Three primary factors drive inference cost:

**GPU compute**: Generating output tokens is inherently sequential — each token depends on all previous tokens. This autoregressive decoding cannot be fully parallelized, requiring sustained GPU utilization throughout generation. ((Source: [[https://introl.com/blog/inference-unit-economics-true-cost-per-million-tokens-guide|Introl - Inference Unit Economics]]))

**Memory**: Model weights must reside in GPU memory during inference. A 70-billion-parameter model in FP16 precision requires approximately 140GB of GPU HBM — often spanning multiple GPUs. Additionally, the **KV cache** (storing attention state for prior tokens) grows with context length, consuming memory proportional to the [[llm_context_window|context window]] size. ((Source: [[https://introl.com/blog/inference-unit-economics-true-cost-per-million-tokens-guide|Introl - Inference Unit Economics]]))

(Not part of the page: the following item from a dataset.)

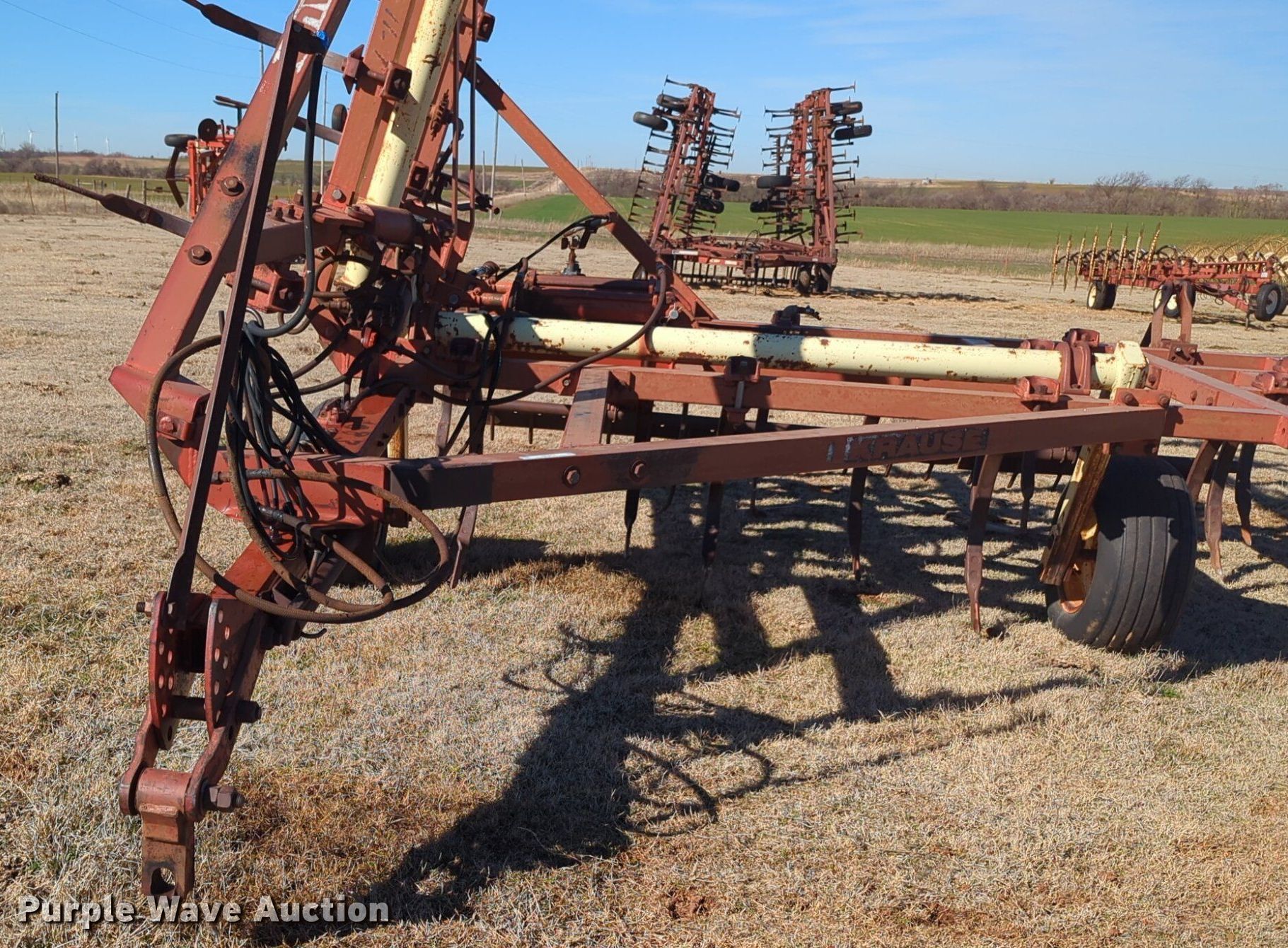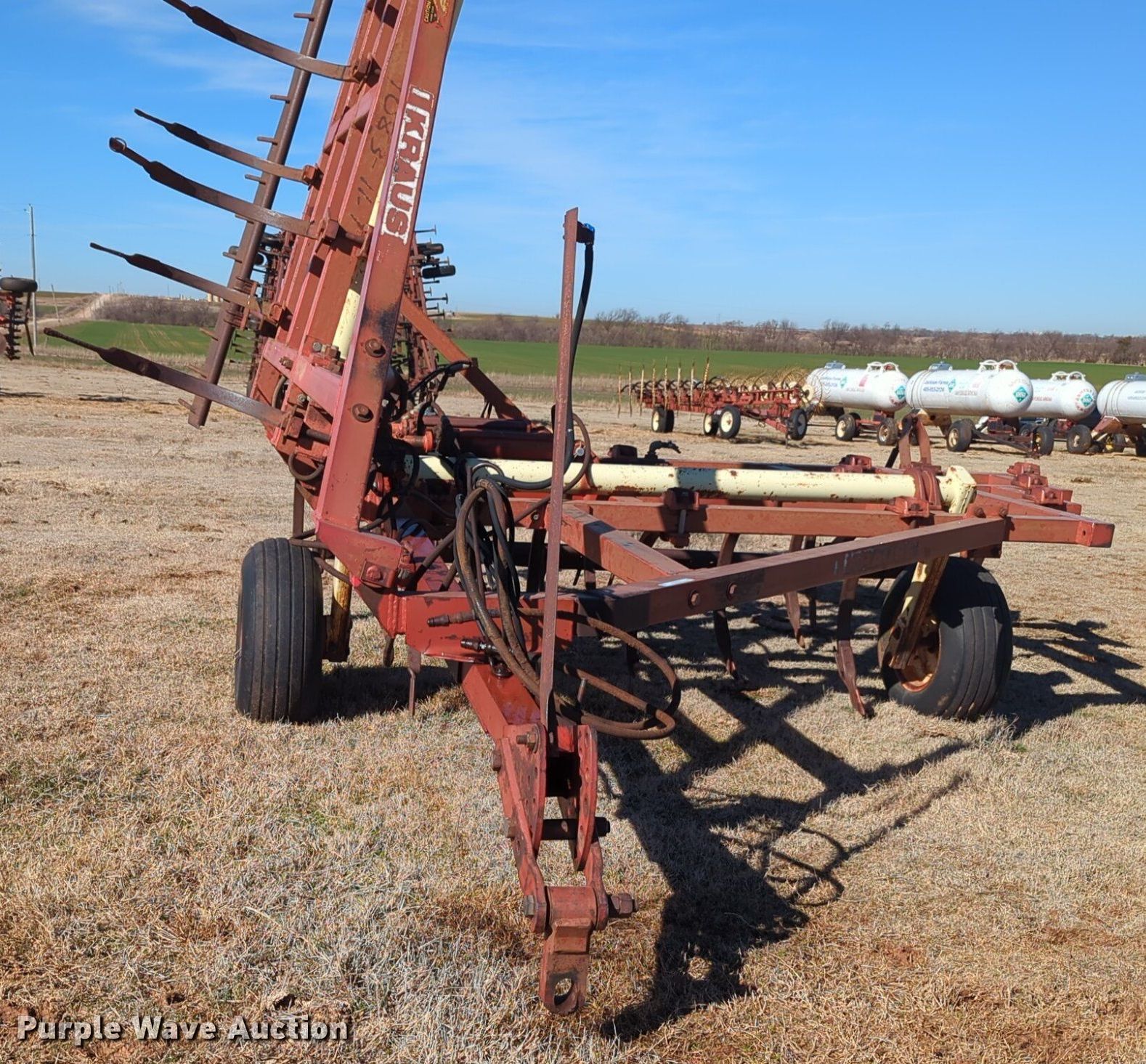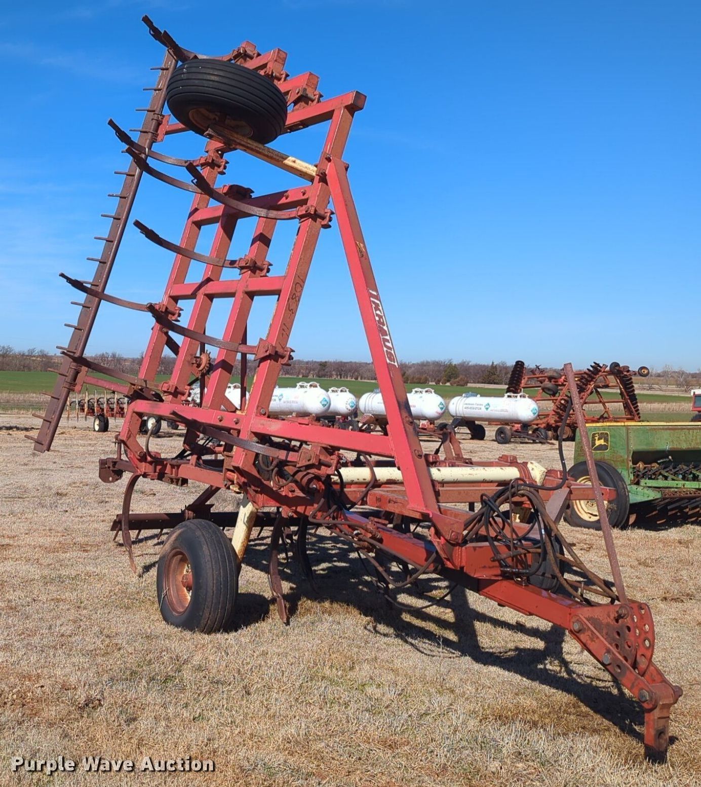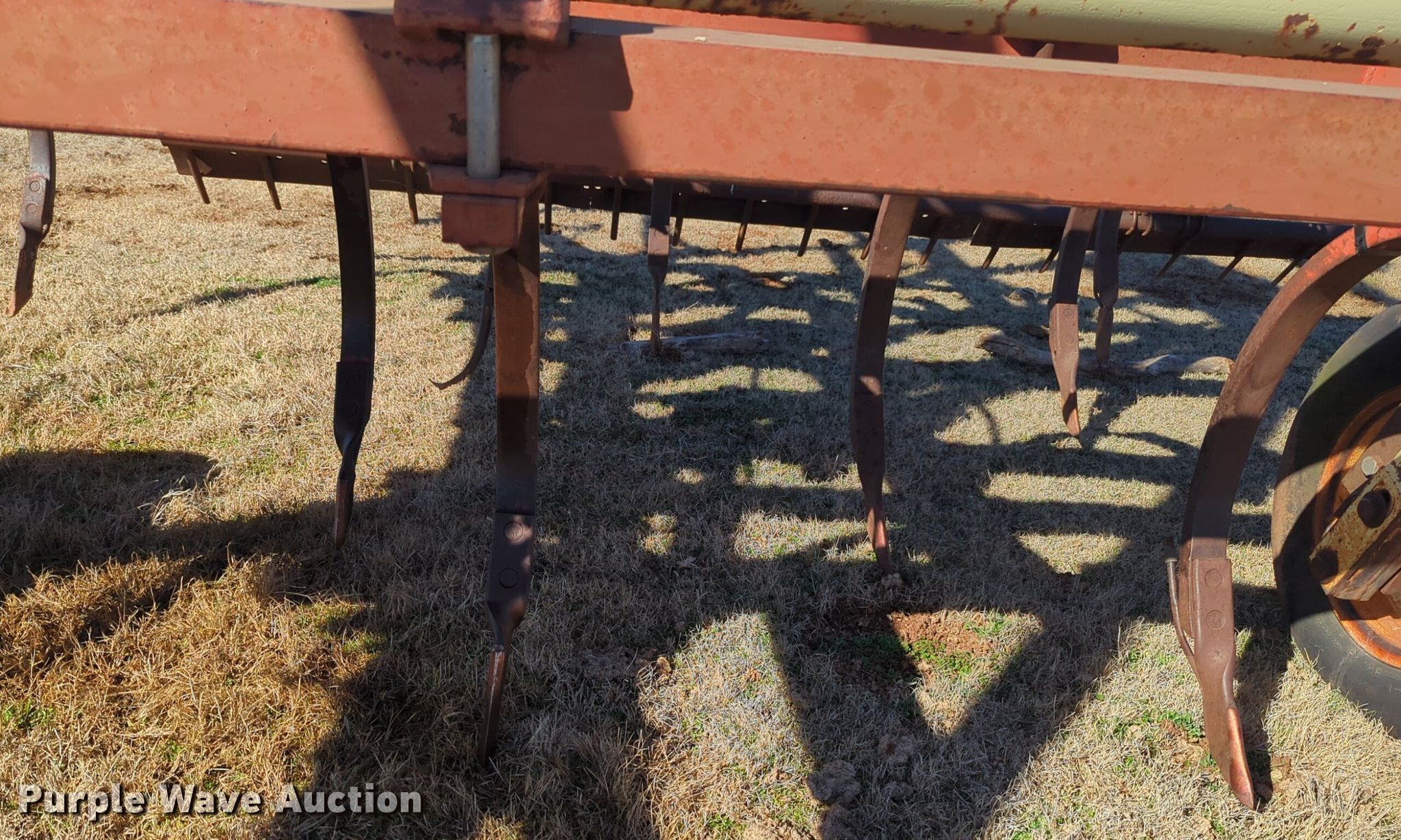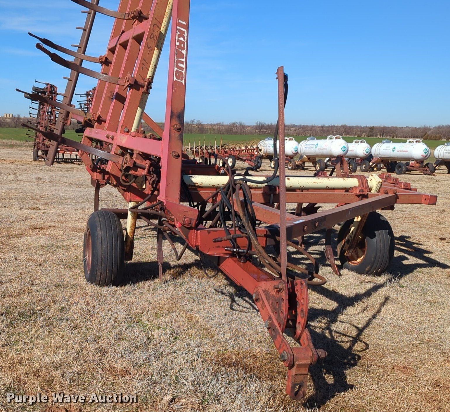 Krause chisel. Serial: 1083-1. Features Shanks: 24, Operation Hydraulic lift, Hydraulic fold, Attachments Spike tooth harrow Harrow bars: 1, NH3 hookups. Tires Tire size: 11L-15. Jackson Farms. 2791 North 2940 Road. Hennessey, OK 73742

**Energy**: High-end GPUs like the NVIDIA H100 cost $2.85-$3.50 per hour in cloud deployments, and inference workloads keep them running continuously. Energy costs compound at scale.

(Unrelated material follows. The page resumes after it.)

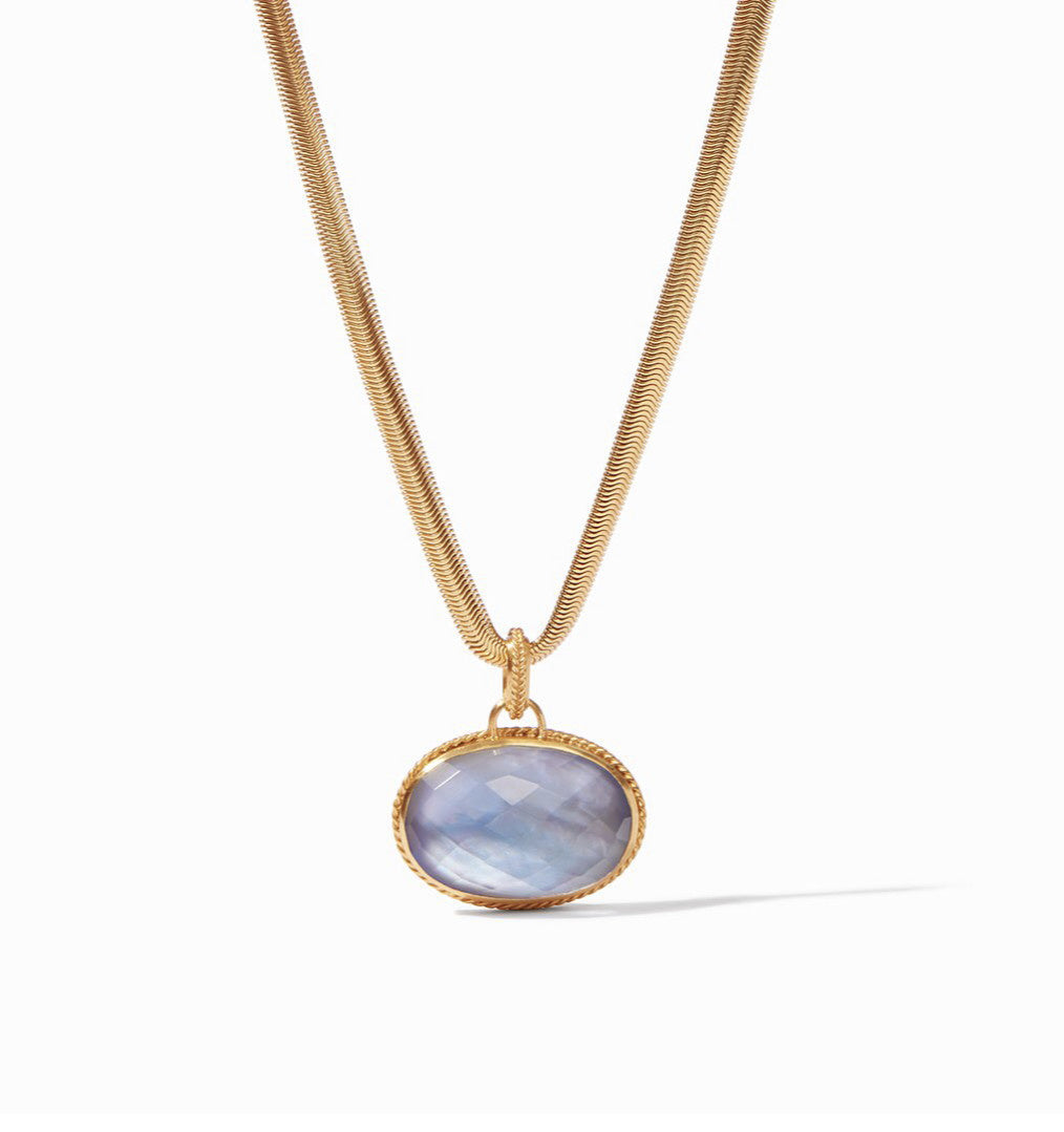 Oval gemstone pendant with snake chain necklace with toggle.

===== Per-Token Pricing =====

API providers charge by the token, with **output tokens costing 3-5x more** than input tokens. This reflects the computational asymmetry: input tokens are processed in parallel (prefill phase), while output tokens are generated one at a time (decode phase).

Representative pricing as of late 2025:

| Model | Input (per 1M tokens) | Output (per 1M tokens) |
| Gemini Flash-Lite (Google) | $0.075 | $0.30 |
| Llama 3.2 3B (Together.ai) | $0.06 | $0.06 |
| DeepSeek R1 | $0.55 | $2.19 |
| Claude Sonnet 4 (Anthropic) | $3.00 | $15.00 |
| GPT-4 class models | ~$2.50 | ~$10.00 |

Prices have fallen roughly **10x per year** for equivalent performance levels since 2022, driven by competition, optimization, and hardware improvements. ((Source: [[https://introl.com/blog/inference-unit-economics-true-cost-per-million-tokens-guide|Introl - Inference Unit Economics]]))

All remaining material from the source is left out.